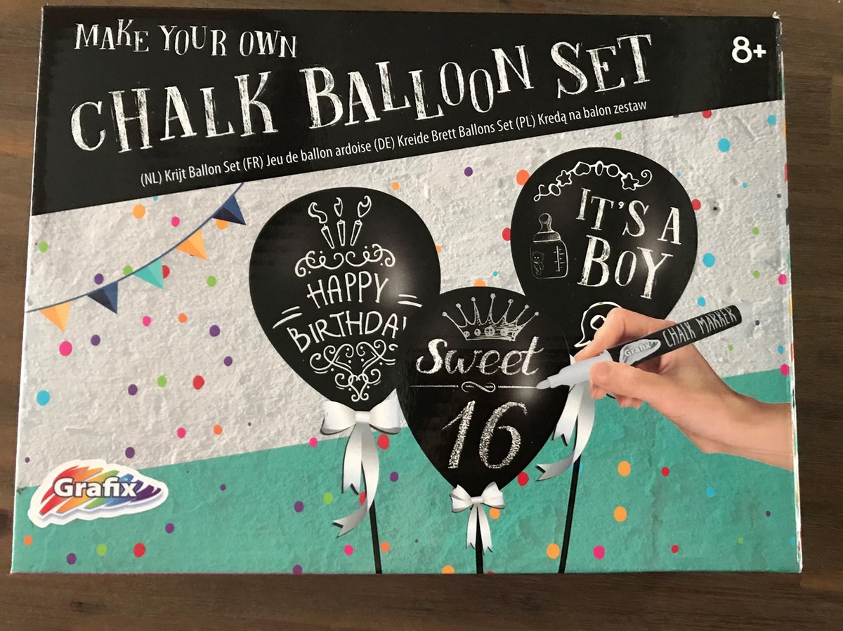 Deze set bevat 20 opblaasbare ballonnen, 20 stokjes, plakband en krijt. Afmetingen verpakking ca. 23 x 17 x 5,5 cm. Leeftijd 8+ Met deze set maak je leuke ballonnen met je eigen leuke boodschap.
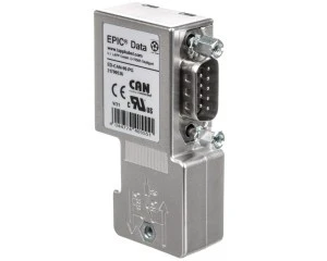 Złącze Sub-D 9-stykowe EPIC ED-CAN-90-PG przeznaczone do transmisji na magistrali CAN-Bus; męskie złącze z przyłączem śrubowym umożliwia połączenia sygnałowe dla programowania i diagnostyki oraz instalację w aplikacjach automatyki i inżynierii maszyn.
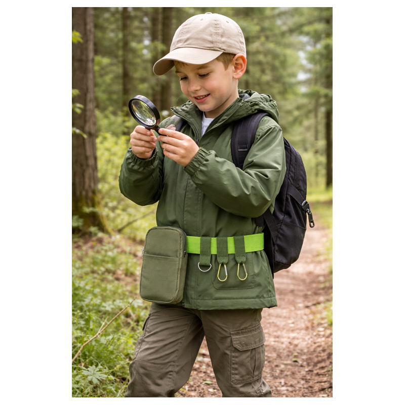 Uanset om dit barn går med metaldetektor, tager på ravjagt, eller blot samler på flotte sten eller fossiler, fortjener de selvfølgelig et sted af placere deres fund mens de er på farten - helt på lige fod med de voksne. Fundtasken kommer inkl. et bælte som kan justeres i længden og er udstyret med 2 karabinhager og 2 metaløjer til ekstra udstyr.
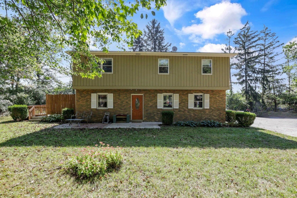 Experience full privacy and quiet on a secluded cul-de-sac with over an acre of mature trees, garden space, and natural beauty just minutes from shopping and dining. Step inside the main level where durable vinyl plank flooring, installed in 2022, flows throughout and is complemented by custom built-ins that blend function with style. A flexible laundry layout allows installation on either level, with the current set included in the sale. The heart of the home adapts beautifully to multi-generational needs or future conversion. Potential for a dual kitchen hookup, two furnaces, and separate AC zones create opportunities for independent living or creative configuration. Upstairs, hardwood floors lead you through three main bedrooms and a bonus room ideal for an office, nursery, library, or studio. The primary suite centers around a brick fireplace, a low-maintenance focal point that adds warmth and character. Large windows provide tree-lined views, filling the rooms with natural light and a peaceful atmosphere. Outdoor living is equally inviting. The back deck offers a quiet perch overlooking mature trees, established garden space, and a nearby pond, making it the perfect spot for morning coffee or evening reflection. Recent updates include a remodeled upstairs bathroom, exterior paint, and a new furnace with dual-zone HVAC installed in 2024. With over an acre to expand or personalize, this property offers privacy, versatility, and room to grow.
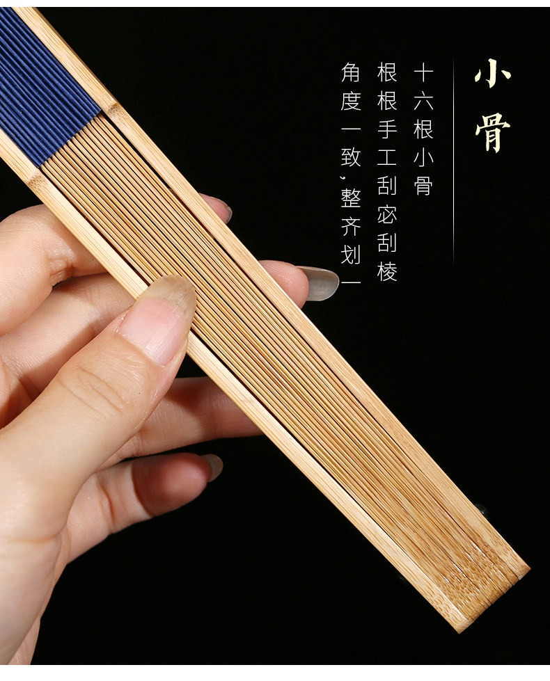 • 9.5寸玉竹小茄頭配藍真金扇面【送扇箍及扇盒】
---
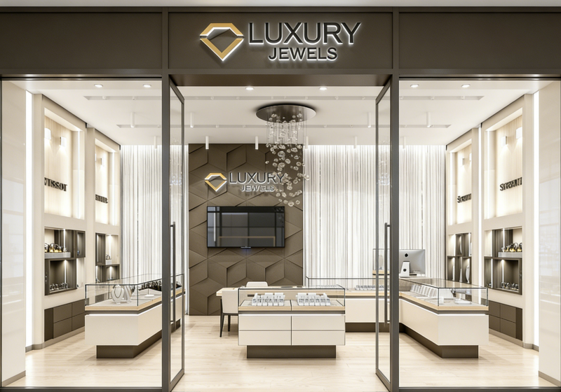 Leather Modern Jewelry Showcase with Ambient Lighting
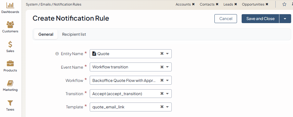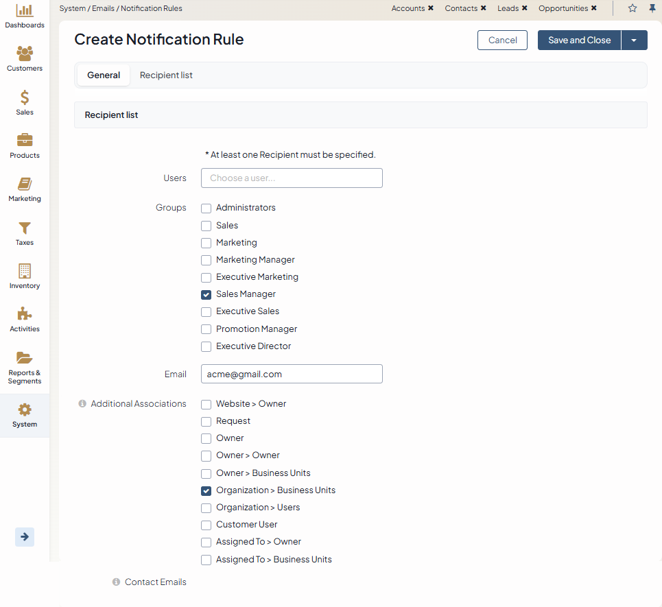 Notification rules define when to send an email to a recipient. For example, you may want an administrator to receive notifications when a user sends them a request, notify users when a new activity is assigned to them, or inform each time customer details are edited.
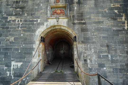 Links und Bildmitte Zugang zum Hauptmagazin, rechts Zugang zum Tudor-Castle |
==
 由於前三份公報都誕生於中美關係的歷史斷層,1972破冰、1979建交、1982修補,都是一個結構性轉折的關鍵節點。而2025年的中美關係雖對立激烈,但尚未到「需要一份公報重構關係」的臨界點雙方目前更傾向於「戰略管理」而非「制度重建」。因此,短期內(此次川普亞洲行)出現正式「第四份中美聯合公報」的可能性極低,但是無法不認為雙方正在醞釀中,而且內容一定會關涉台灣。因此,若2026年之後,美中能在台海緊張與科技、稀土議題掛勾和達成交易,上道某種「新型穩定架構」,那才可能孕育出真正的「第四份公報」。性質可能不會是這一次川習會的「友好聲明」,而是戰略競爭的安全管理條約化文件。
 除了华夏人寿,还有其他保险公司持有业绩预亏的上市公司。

# Task details:
Take the line above containing "由於前三份公報都誕生於中美關", the line containing "除了华夏人寿,还有其他保险公司持有业绩预亏的上市公司。", and all lines in between, and copy them exactly without anything else.

# Response below:
 由於前三份公報都誕生於中美關係的歷史斷層,1972破冰、1979建交、1982修補,都是一個結構性轉折的關鍵節點。而2025年的中美關係雖對立激烈,但尚未到「需要一份公報重構關係」的臨界點雙方目前更傾向於「戰略管理」而非「制度重建」。因此,短期內(此次川普亞洲行)出現正式「第四份中美聯合公報」的可能性極低,但是無法不認為雙方正在醞釀中,而且內容一定會關涉台灣。因此,若2026年之後,美中能在台海緊張與科技、稀土議題掛勾和達成交易,上道某種「新型穩定架構」,那才可能孕育出真正的「第四份公報」。性質可能不會是這一次川習會的「友好聲明」,而是戰略競爭的安全管理條約化文件。
 除了华夏人寿,还有其他保险公司持有业绩预亏的上市公司。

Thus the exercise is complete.